** What to produce **
Transcribe the full listing without changing a word, and omit its pictures.

** Exercise data **
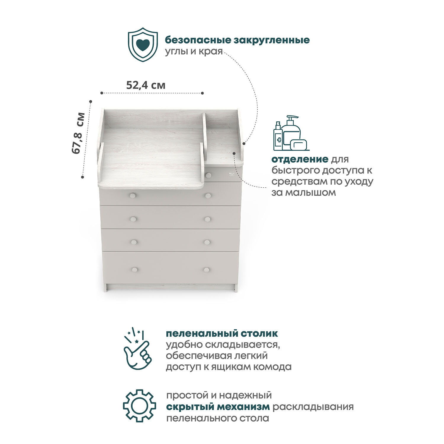 Комод детский с пеленальным столиком Сириус 604 ЛДСП, белый, 4 ящика
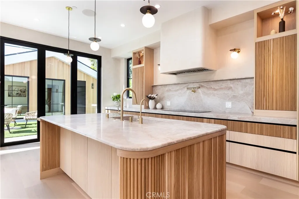 Welcome to this exquisite modern estate, where elegance and functionality meet. Profession and art met again to create this magnificent 6-bed/7-bath house in one of the best neighborhoods in Encino. As you step into this beautiful home, youre immediately greeted by an open-concept design that flows seamlessly from the entrance all the way to the backyard. The kitchen has been thoughtfully designed to bring to life a modern organic style. For added convenience, a secondary prep kitchen sits behind the main one, allowing the chef to prepare meals while keeping the main kitchen clean and organized. The living room is bright and welcoming, featuring a high ceiling and sliding pocket doors that blur the line between indoor and outdoor living. A gorgeous dining area seamlessly pairs with a stylish bar, overlooking the courtyardperfect for hosting family and friend gatherings. The exclusive movie theater offers a true cinematic experience with a professional sound system. Moving upstairs, the second floor offers spacious bedrooms with access to oversized balconies that overlook the front and backyards. The master bedroom is a true retreat, featuring a luxurious bathroom. A well-designed walk-in closet features a welcoming ambiance, complete with an elegant makeup vanity for added convenience. In addition to the main residence, the property includes a spacious 1-bed / 1-bath ADU, complete with its own open kitchenperfect for guests and extended family. The outdoor space is an entertainers paradise, offering a pool and spa, a built-in barbecue, and integrated sound systems that exte
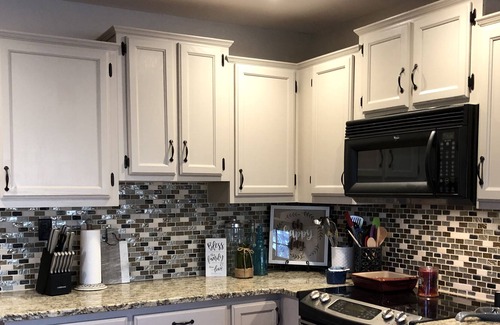Our walkout basement (4th bedroom) has been newly refinished to add an addition space to hang out and an addition bathroom with shower. This room is equipped with a 50" TV, queen size sleeper sofa, refrigerator, Keurig and microwave. The finished basement has its own entrance and is not accessible from inside the house. This is great space to send the kids or anyone else wanting their own space.

** Response to this task **
 Комод детский с пеленальным столиком Сириус 604 ЛДСП, белый, 4 ящика
 Welcome to this exquisite modern estate, where elegance and functionality meet. Profession and art met again to create this magnificent 6-bed/7-bath house in one of the best neighborhoods in Encino. As you step into this beautiful home, youre immediately greeted by an open-concept design that flows seamlessly from the entrance all the way to the backyard. The kitchen has been thoughtfully designed to bring to life a modern organic style. For added convenience, a secondary prep kitchen sits behind the main one, allowing the chef to prepare meals while keeping the main kitchen clean and organized. The living room is bright and welcoming, featuring a high ceiling and sliding pocket doors that blur the line between indoor and outdoor living. A gorgeous dining area seamlessly pairs with a stylish bar, overlooking the courtyardperfect for hosting family and friend gatherings. The exclusive movie theater offers a true cinematic experience with a professional sound system. Moving upstairs, the second floor offers spacious bedrooms with access to oversized balconies that overlook the front and backyards. The master bedroom is a true retreat, featuring a luxurious bathroom. A well-designed walk-in closet features a welcoming ambiance, complete with an elegant makeup vanity for added convenience. In addition to the main residence, the property includes a spacious 1-bed / 1-bath ADU, complete with its own open kitchenperfect for guests and extended family. The outdoor space is an entertainers paradise, offering a pool and spa, a built-in barbecue, and integrated sound systems that exte
Our walkout basement (4th bedroom) has been newly refinished to add an addition space to hang out and an addition bathroom with shower. This room is equipped with a 50" TV, queen size sleeper sofa, refrigerator, Keurig and microwave. The finished basement has its own entrance and is not accessible from inside the house. This is great space to send the kids or anyone else wanting their own space.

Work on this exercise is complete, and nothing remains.